(STORED DATA begins)

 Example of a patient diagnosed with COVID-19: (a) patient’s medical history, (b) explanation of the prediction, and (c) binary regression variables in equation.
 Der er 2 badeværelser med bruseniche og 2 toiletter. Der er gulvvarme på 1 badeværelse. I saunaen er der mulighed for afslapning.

(STORED DATA ends)
(STORED DATA begins)

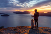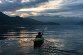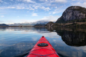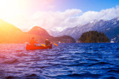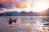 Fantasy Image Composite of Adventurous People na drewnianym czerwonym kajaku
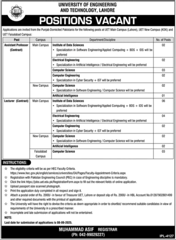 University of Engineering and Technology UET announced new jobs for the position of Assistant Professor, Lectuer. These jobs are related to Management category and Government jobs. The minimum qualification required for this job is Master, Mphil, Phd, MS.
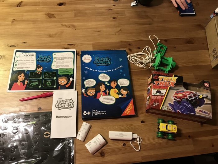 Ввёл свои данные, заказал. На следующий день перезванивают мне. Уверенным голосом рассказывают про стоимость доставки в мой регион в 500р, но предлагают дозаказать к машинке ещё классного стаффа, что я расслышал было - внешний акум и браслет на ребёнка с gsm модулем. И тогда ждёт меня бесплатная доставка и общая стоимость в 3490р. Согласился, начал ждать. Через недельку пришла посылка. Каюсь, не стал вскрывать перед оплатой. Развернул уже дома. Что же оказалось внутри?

(STORED DATA ends)
(STORED DATA begins)

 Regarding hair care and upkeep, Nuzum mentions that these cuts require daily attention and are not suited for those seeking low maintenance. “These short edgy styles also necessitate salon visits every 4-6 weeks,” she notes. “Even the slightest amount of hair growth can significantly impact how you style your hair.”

(STORED DATA ends)

→ **WHAT THIS TASK INVOLVES**: Print only what lies in the material above starting at the line with "Example of a" and ending at the line with "Der er 2 badeværelser", every line exactly as given.

→ **RESPONSE BELOW**:
 Example of a patient diagnosed with COVID-19: (a) patient’s medical history, (b) explanation of the prediction, and (c) binary regression variables in equation.
 Der er 2 badeværelser med bruseniche og 2 toiletter. Der er gulvvarme på 1 badeværelse. I saunaen er der mulighed for afslapning.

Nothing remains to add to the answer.